*EXERCISE DIRECTIONS*
The answer must be every record below, repeated exactly.

[Items from a data source]
BEGIN
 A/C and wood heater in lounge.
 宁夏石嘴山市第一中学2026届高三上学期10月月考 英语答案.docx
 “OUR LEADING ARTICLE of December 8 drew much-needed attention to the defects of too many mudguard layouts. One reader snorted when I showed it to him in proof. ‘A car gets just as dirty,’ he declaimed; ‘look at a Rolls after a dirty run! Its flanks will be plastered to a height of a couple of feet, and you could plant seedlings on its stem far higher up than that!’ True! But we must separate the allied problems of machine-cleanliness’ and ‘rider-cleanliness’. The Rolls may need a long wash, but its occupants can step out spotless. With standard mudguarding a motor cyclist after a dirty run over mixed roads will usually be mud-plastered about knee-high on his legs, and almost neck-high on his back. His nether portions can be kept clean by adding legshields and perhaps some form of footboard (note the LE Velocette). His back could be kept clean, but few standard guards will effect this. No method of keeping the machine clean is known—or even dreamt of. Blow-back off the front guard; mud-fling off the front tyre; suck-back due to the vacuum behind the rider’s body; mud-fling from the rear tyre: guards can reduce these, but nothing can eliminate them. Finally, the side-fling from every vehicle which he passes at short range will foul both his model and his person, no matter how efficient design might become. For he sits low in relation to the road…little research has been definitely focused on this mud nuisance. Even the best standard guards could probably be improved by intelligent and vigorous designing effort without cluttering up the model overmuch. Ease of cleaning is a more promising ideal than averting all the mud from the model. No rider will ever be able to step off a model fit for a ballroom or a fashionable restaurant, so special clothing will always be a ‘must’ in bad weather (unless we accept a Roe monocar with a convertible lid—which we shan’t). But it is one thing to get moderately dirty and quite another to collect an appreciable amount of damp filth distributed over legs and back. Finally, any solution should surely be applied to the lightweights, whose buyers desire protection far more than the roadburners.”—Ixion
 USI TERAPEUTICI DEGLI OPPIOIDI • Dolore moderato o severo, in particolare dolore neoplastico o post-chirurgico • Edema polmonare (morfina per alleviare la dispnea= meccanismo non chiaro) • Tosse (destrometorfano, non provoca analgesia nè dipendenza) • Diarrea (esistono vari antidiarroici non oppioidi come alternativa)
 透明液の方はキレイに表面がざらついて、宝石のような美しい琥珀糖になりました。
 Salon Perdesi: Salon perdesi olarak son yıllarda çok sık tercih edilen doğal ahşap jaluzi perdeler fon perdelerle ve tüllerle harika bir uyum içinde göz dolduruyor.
END
*SOLUTION TO THIS EXERCISE*
 A/C and wood heater in lounge.
 宁夏石嘴山市第一中学2026届高三上学期10月月考 英语答案.docx
 “OUR LEADING ARTICLE of December 8 drew much-needed attention to the defects of too many mudguard layouts. One reader snorted when I showed it to him in proof. ‘A car gets just as dirty,’ he declaimed; ‘look at a Rolls after a dirty run! Its flanks will be plastered to a height of a couple of feet, and you could plant seedlings on its stem far higher up than that!’ True! But we must separate the allied problems of machine-cleanliness’ and ‘rider-cleanliness’. The Rolls may need a long wash, but its occupants can step out spotless. With standard mudguarding a motor cyclist after a dirty run over mixed roads will usually be mud-plastered about knee-high on his legs, and almost neck-high on his back. His nether portions can be kept clean by adding legshields and perhaps some form of footboard (note the LE Velocette). His back could be kept clean, but few standard guards will effect this. No method of keeping the machine clean is known—or even dreamt of. Blow-back off the front guard; mud-fling off the front tyre; suck-back due to the vacuum behind the rider’s body; mud-fling from the rear tyre: guards can reduce these, but nothing can eliminate them. Finally, the side-fling from every vehicle which he passes at short range will foul both his model and his person, no matter how efficient design might become. For he sits low in relation to the road…little research has been definitely focused on this mud nuisance. Even the best standard guards could probably be improved by intelligent and vigorous designing effort without cluttering up the model overmuch. Ease of cleaning is a more promising ideal than averting all the mud from the model. No rider will ever be able to step off a model fit for a ballroom or a fashionable restaurant, so special clothing will always be a ‘must’ in bad weather (unless we accept a Roe monocar with a convertible lid—which we shan’t). But it is one thing to get moderately dirty and quite another to collect an appreciable amount of damp filth distributed over legs and back. Finally, any solution should surely be applied to the lightweights, whose buyers desire protection far more than the roadburners.”—Ixion
 USI TERAPEUTICI DEGLI OPPIOIDI • Dolore moderato o severo, in particolare dolore neoplastico o post-chirurgico • Edema polmonare (morfina per alleviare la dispnea= meccanismo non chiaro) • Tosse (destrometorfano, non provoca analgesia nè dipendenza) • Diarrea (esistono vari antidiarroici non oppioidi come alternativa)
 透明液の方はキレイに表面がざらついて、宝石のような美しい琥珀糖になりました。
 Salon Perdesi: Salon perdesi olarak son yıllarda çok sık tercih edilen doğal ahşap jaluzi perdeler fon perdelerle ve tüllerle harika bir uyum içinde göz dolduruyor.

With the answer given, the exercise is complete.